Assessing the Impact of Introducing Mavacamten for the Treatment of Obstructive HCM on the Modelled System and Societal Level Burden in China
Speaker(s)
Bao H1, Jia Y2, Hurst M3, Cheah Z4, Ho M5, Xuan J6
1Sun Yat-sen University, Shanghai, 31, China, 2Bristol-Myers Squibb (China)Investment Co.,Ltd, Shanghai, Shanghai, China, 3Bristol Myers Squibb, Uxbridge, LON, UK, 4OPEN Health, Oxford, OXF, UK, 5OPEN Health Evidence & Access, York, YOR, UK, 6Sun Yat-sen University, Guangzhou, Guangdong, China
Presentation Documents
OBJECTIVES: Obstructive hypertrophic cardiomyopathy (HCM) is rare cardiovascular condition (estimated around ten thousand patients in China), with patients experiencing a high symptomatic burden. This study aims to assess the economic impact of mavacamten (a first-in-class cardiac myosin inhibitor) + beta-blockers or calcium channel blockers (BB/CCBs) versus BB/CCBs monotherapy to patients.
METHODS: A 5-state (New York Heart Association [NYHA] functional class I, II, III, IV, and death) Markov cost-effectiveness model was developed with a Chinese societal perspective. Patients initially enter the model in either NYHA II or III, as per the baseline population of the EXPLORER-CN trial (NCT05174416). During each cycle, patients can transition between different NYHA functional classes, dependent on trial-based transition probabilities and long-term extrapolation assumptions. Patients can reach the death state in each cycle based on all-cause, disease specific and surgical intervention mortality rates. Treatment sequencing is modelled based on clinical guidelines and local clinical insights stratified by NYHA functional class, driven by lack of response, serious adverse events or meeting the criteria for septal reduction therapy (SRT). The model incorporates cost data from healthcare provider surveys and real-world data.

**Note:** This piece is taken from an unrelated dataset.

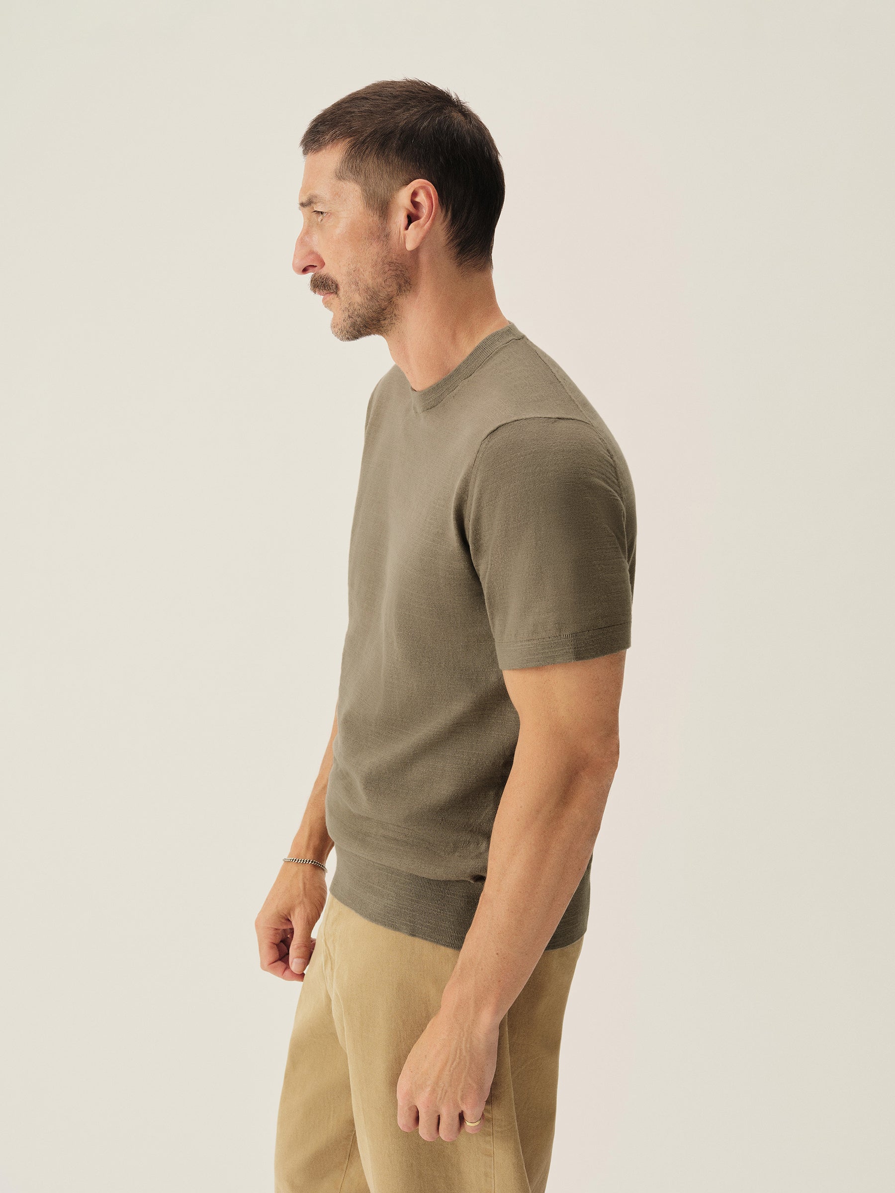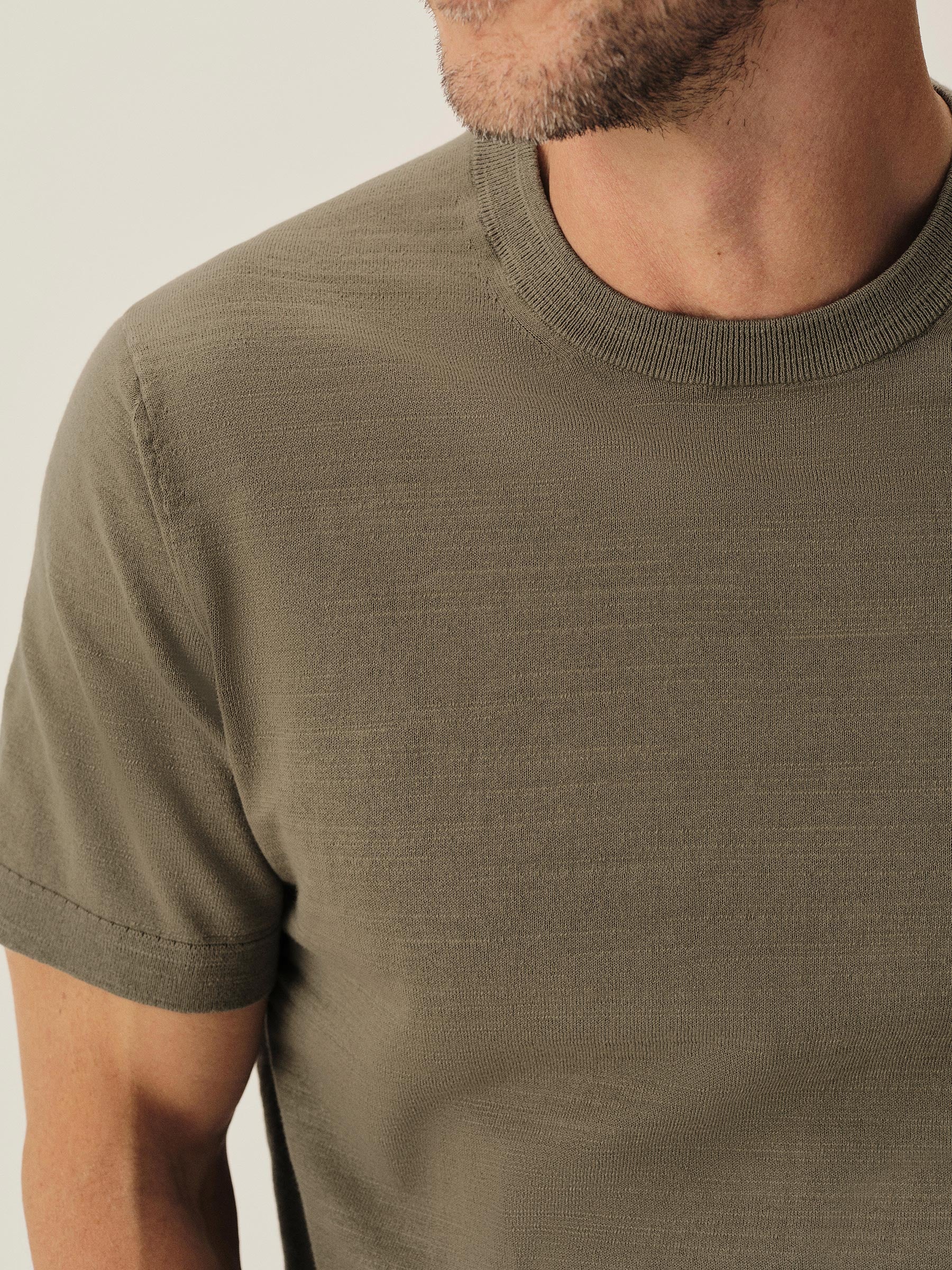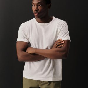 Classic fit short sleeve sweater tee with a straight hem. Yarn-dyed 16 gauge cotton jersey features light slub texture. Features double layer 1×1 ribbing at the collar and rib finishing at the cuffs and hem. Constructed with hand-linked seams for improved durability.

RESULTS: Over a lifetime horizon (up to aged 100), patients in the mavacamten + BB/CCBs arm (vs BB/CCB) experienced a larger per-patient cost savings when considering costs of healthcare resources excluding treatment acquisition costs (¥320,683 and ¥835,973, respectively). Additional cost-savings were achieved when considering SRT costs (¥26,952 vs. ¥86,204), terminal care costs (¥6,462 vs. ¥8,585), and total indirect costs (¥127,642 vs. ¥720,284) encompassing caregiver and productivity loss costs.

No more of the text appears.